# Lounge > Survey Says... >  >  Are you Human?

## Member11

Ads ask the most tough questions:

----------


## Chantellabella

Not really sure. 

Do you have some type of test I can take to verify my humanity?

I think I need a maybe button so I really can't vote.

----------


## L

Yes..the rest of you are alains

----------


## Jason

I don't feel alive half the time.

----------


## jsgt



----------


## Anteros

Well, considering I'm not mortal... erm, no.

----------


## Rawr

No.

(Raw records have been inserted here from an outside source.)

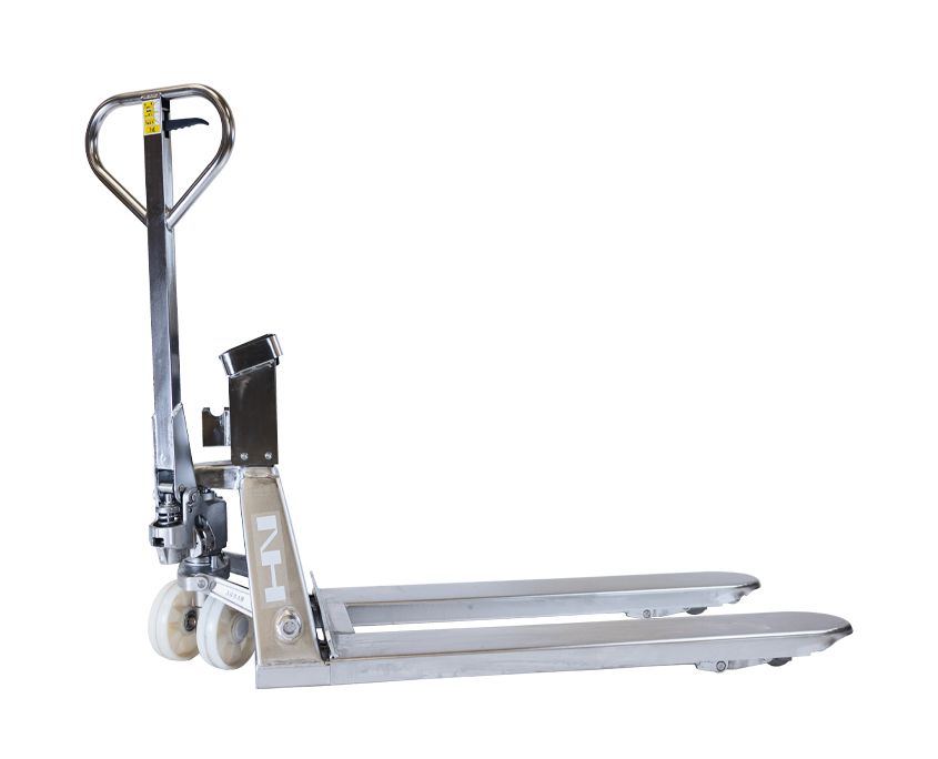 Palleløfter er fremstillet i AISI 304 rustfri materiale. Mulighed for tarering. Bogie nylonhjul giver en let og ubesværet kørsel.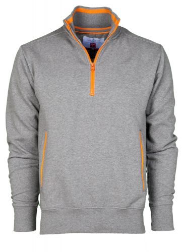 Men’s sweatshirt with half zip in contrasting coloured plastic with metal pull, contrasting trim on the collar and side pockets. Fitted sleeves, stretch rib cuffs and hem, reinforced seams.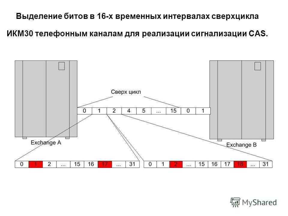 Выделение битов в 16-х временных интервалах сверхцикла ИКМ30 телефонным каналам для реализации сигнализации CAS.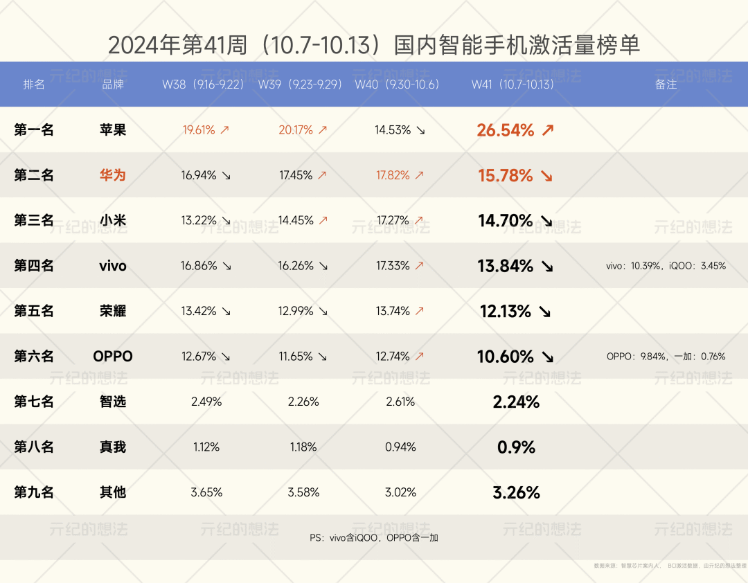 对于vivo来说,固守手机业务,确实可以避免太大的风险,但手机行业天花板渐显,以及竞争愈发激烈的现实,决定了 vivo 正面临巨大的下行压力。BCI数据显示,2024年第38周-41周,vivo手机市场份额从16.86%下滑至13.84%,下跌3.02个百分点。

I'm a smurf.

----------


## Dill

'Fraid not.  

I'm just a pickled cucumber flavored with dill.

----------


## MrQuiet76

i'm actually half man, half bear-pig

----------


## Koalafan

Im actually a koala  :Tongue:

----------


## IllusionOfHappiness

I'm an illusion.

----------


## Demerzel

Nope, but I hope to become one someday

----------


## Firefly09

no

----------


## Borophyll

I like to think so.

----------


## Ironman

IronMAN - yes, I am human.

----------


## Anteros

*sigh*

----------


## Alexis1213

No, I am a dragon... >_>

----------


## Otherside

This is why I have problems with captchas.

----------


## Paragon

I like that 'no' in the most popular option on this one....

----------


## 1

No

----------


## Sagan

No! I are Sagan!

----------


## 1

No

----------


## Bucko

It's a secret

----------


## FireIsTheCleanser

I've never had a cut deep enough to reveal circuitry so I'm going with yes.

----------


## enfield

im not just any human im ... *puts on finn hat* ... FINN THE HUMAN!

----------